À Carquefou, des familles et des membres du personnel de l'EHPAD de La Seilleraye expriment leur profonde inquiétude face à une situation alarmante. Ces derniers dénoncent un manque de personnel et des conditions de vie insatisfaisantes pour les résidents.
Annie, dont le père réside à La Seilleraye, témoigne : "C'est devenu un mouroir. Depuis trois semaines, à chaque visite, je trouve mon père avec les cheveux gras. Un jour, je l'ai trouvé couché à 14h30 car le personnel ne pouvait pas s'en occuper. C'est inacceptable !"
Ce constat est partagé par André, dont les deux parents ont 95 ans : "Une fois, je n'ai vu qu'une aide-soignante pour deux étages, et elle était si épuisée qu'elle en pleurait. Ce n'est pas normal," se désespère-t-il, notant l'absence de réponse de la direction malgré des courriers envoyés.
Chantal, sœur d'André, souligne la détresse des soignants : "Ils ne sont pas suffisamment nombreux, il est parfois difficile pour eux de s'occuper des résidents correctement. Je me demande vraiment comment ils gèrent les repas, surtout pour ceux qui ne peuvent pas manger seuls."

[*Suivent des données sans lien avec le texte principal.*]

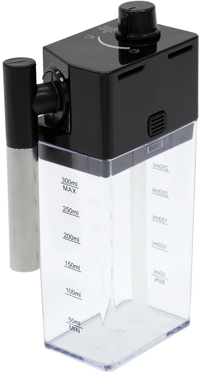 Съемный контейнер для молока в кофемашинах позволяет готовить латте или капучино, не боясь, что молоко испортится в стационарном резервуаре, а также гарантирует полностью автоматический процесс приготовления. Такой контейнер часто называют кувшином для молока благодаря характерной форме, удобной ручке и плотно прилегающей крышке. Контейнер можно легко извлечь сразу после приготовления напитка. Материал изготовления его — прозрачный экологически безопасный пластик. После извлечения контейнер можно хранить в холодильнике: как правило, использовать его следует в течение суток.
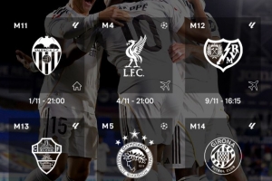 體育資訊10月30日訊 11月即將到來,皇馬官方曬出了球隊(duì)賽程。除了11月1日主場(chǎng)迎戰(zhàn)瓦倫西亞外,西甲豪門將迎來5連客,其中包括前往安菲爾德挑戰(zhàn)利物浦。
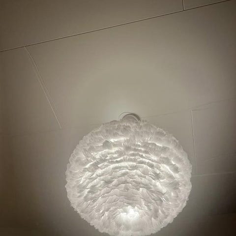 Fin fjäderlampa som ej får plats i mitt nya hem.
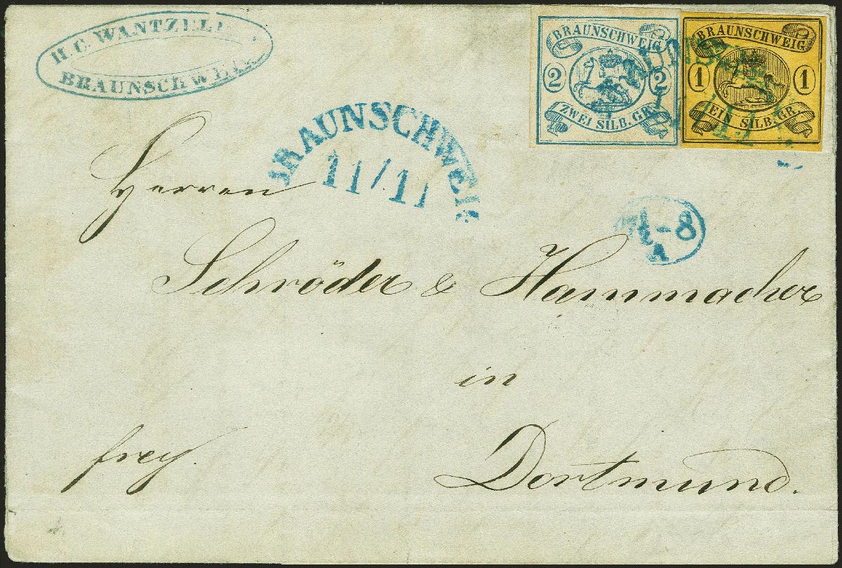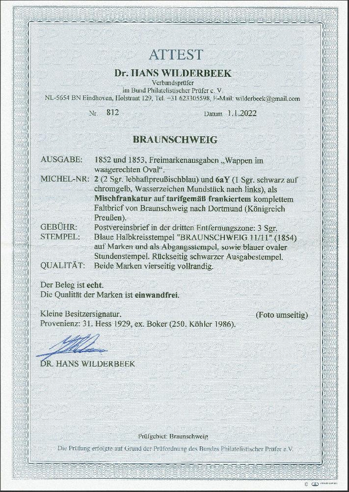 | Zusatzinformationen und Suchstichworte: | 379. Auktion Heinrich Köhler 19. - 24. September 2022 Los 53 1 Silbergroschen chromgelb mit Wasserzeichen 'Mundstück nach links' in Mischfrankatur mit 1852, 2 Silbergroschen lebhaftpreußischblau, beide farbfrisch und voll- bis breitrandig, mit sauber auf- und nebengesetztem blauem Halbkreisstempel "BRAUNSCHWEIG 11/11" (1854) auf Faltbrief nach Dortmund. Die Marken einwandfrei, die Briefhülle an einigen Stellen in den Faltungen etwas angetrennt. Eine attraktiver Mischfrankatur. Fotoattest Dr. Wilderbeek BPP (2022) Ausruf 1.000,00 EUR (aus der Sammlung Erivan Haub) |
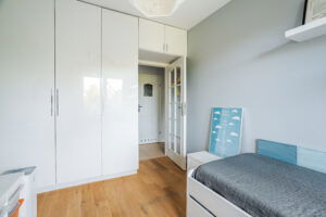 W części prywatnej znajdują się dwie przestronne sypialnie o powierzchni 12 m² i 11 m², które oferują szerokie możliwości aranżacyjne. Na podłogach zastosowano naturalne drewno – w salonie wyjątkowo trwałą i elegancką sucupirę, natomiast w sypialniach klasyczny dąb, podkreślający przytulny charakter wnętrz.
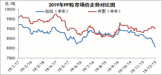 目前國內(nèi)石化庫存一直在降庫為主,多連續(xù)下調(diào)出廠降價(jià)銷售。而下游工廠采購多維持剛需,市場供需矛盾的突出,使得不少貿(mào)易商轉(zhuǎn)向觀望。2019年逐漸步入尾聲,又有兩家廠家近期不斷傳出試車的好消息:浙江石化PP裝置12月8日造粒裝置試車成功,原料為外采丙烯,該P(yáng)P裝置產(chǎn)能90萬噸/年(兩條線各45萬噸/年);其次是大連恒力二期試運(yùn)行計(jì)劃推遲在12月底試車STPP裝置,春節(jié)前后試運(yùn)行JPP裝置和乙烯裂解裝置。二期40萬噸/年(STPP和JPP線各20萬噸)。終端剛性需求縮水,高端貨源跟進(jìn)謹(jǐn)慎,行情下行明顯。
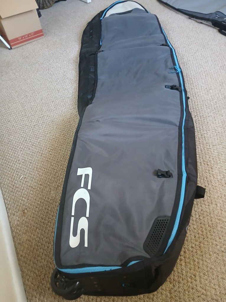 9'2" FCS TRAVEL BAG in excellent condition. Fits 3 boards. Two large wheels for rolling. Heavy duty straps for carrying. Local pick up and cash only.
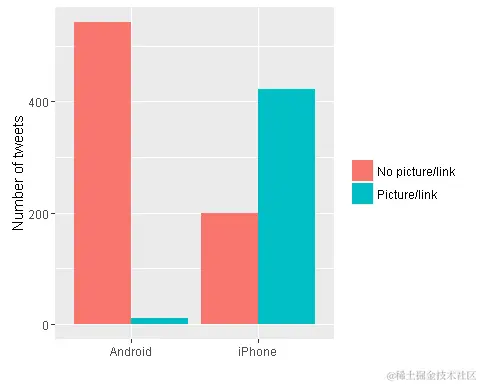 同时可以看到安卓平台的用户把推特一般不使用图片或者链接,而苹果手机的用户恰恰相反。
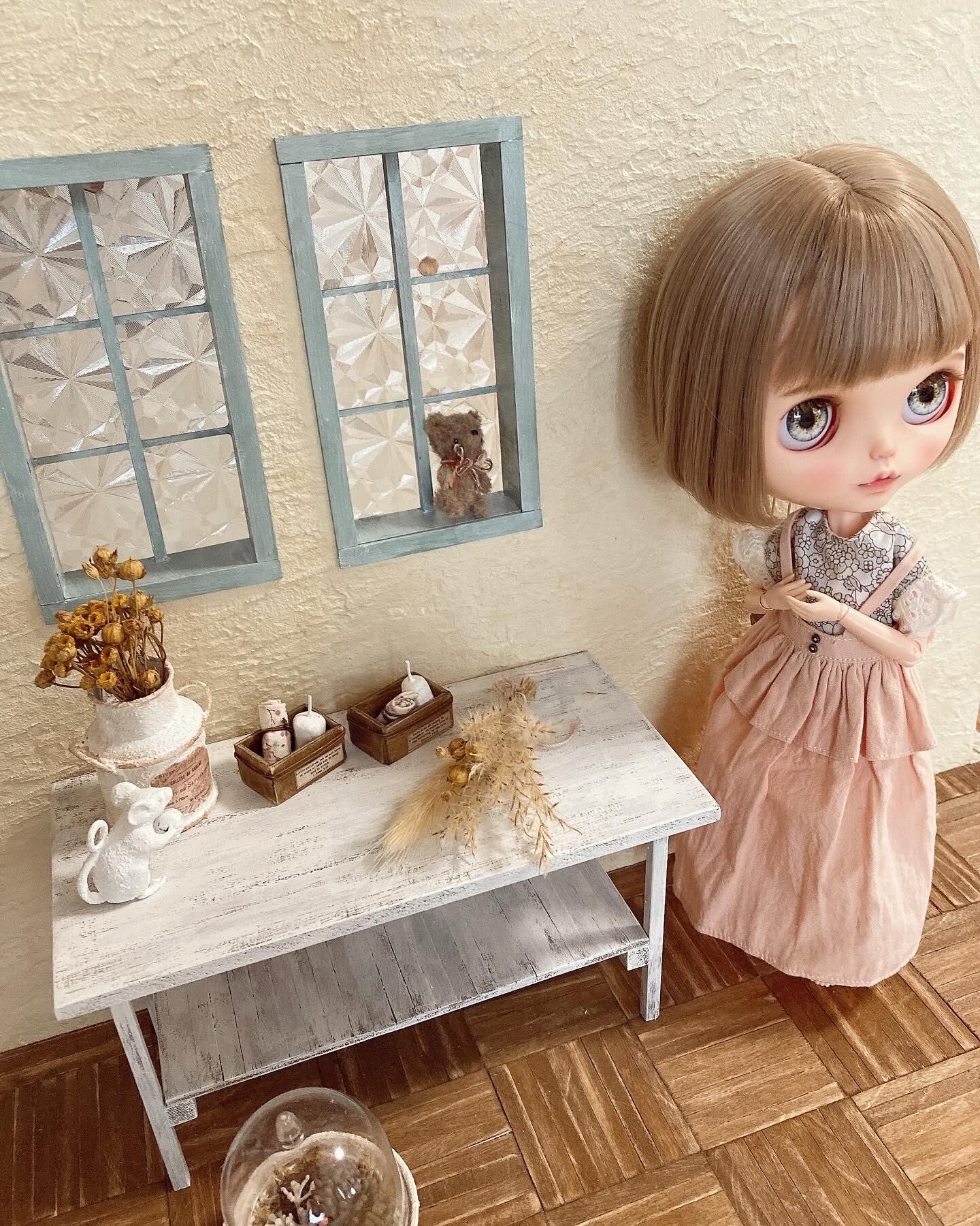 アンティークな木製作業台 ミニチュア ドールハウス 背景ボード 壁 床 ブライス リカちゃん 1/6 家具 オビツ 棚 机 ドール ドール家具 カスタムブライス ハンドメイド シャビーシック 小物
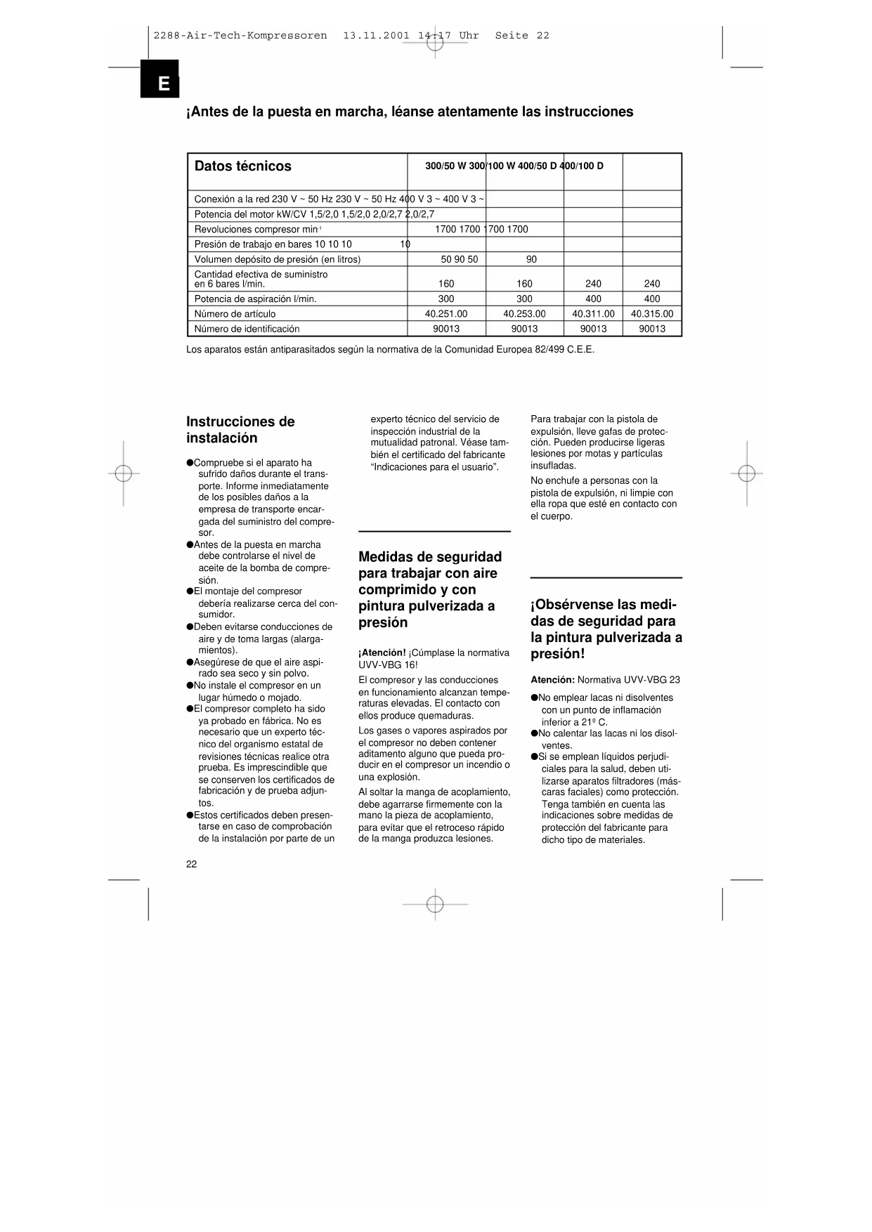 Los aparatos están antiparasitados según la normativa de la Comunidad Europea 82/499 C.E.E. Instrucciones de instalación ● Compruebe si el aparato ha sufrido daños durante el trans- porte. Informe inmediatamente de los posibles daños a la empresa de transporte encar- gada del suministro del compre- sor. ● Antes de la puesta en marcha debe controlarse el nivel de aceite de la bomba de compre- sión. ● El montaje del compresor debería realizarse cerca del con- sumidor. ● Deben evitarse conducciones de aire y de toma largas (alarga- mientos). ● Asegúrese de que el aire aspi- rado sea seco y sin polvo. ● No instale el compresor en un lugar húmedo o mojado. ● El compresor completo ha sido ya probado en fábrica. No es necesario que un experto téc- nico del organismo estatal de revisiones técnicas realice otra prueba. Es imprescindible que se conserven los certificados de fabricación y de prueba adjun- tos. ● Estos certificados deben presen- tarse en caso de comprobación de la instalación por parte de un 2288-Air-Tech-Kompressoren 13.11.2001 14:17 Uhr Seite 22● No se permite fumar durante el proceso de inyección ni en el lugar de trabajo. Los vapores de la pintura son también fácilmente inflamables. ● No puede haber en el lugar fuego, luces encendidas, ni pue- den accionarse máquinas que produzcan chispas. ● No conservar ni consumir en el lugar de trabajo comidas ni bebi- das. Los vapores de la pintura son fácilmente inflamables. ● El lugar de trabajo debe tener más de 30 m

Les travailleurs de La Seilleraye, malgré leurs efforts, sont à bout de nerfs. Catherine Richard, la secrétaire de la CGT au pôle gériatrique, déclare : "Depuis trois ans, nous alertons le CHU de Nantes sur les sous-effectifs et nous n’avons reçu aucune réponse satisfaisante. Nous venons d’envoyer une nouvelle lettre ouverte au directeur général," a-t-elle annoncé lors d'une récente conférence.
Pour sa part, la direction du CHU a tenté d’apporter des explications, indiquant que "la gériatrie est une spécialité manquant d’attractivité, rendant le recrutement difficile". Un job dating est prévu le 28 mai prochain pour tenter d'attirer de nouveaux talents, mais pour la CGT, "la direction doit revoir son organisation et rendre le travail en EHPAD plus attractif", insiste Catherine Richard.
Les résidents, eux aussi, se sentent oubliés. Monique, une résidente de neuf ans à La Seilleraye, partage : "Avant, nous avions la possibilité de sortir avec le personnel, mais ce n'est plus le cas aujourd'hui". Une détérioration qui n’échappe pas non plus à Madeleine : "Le goûter en terrasse était un moment privilégié, mais maintenant, les aides-soignantes n’ont tout simplement plus le temps."
Le besoin urgent d'un soutien accru et d'une réorganisation des soins à La Seilleraye est de plus en plus pressant, alors que les familles se battent pour le bien-être de leurs proches en ces temps difficiles.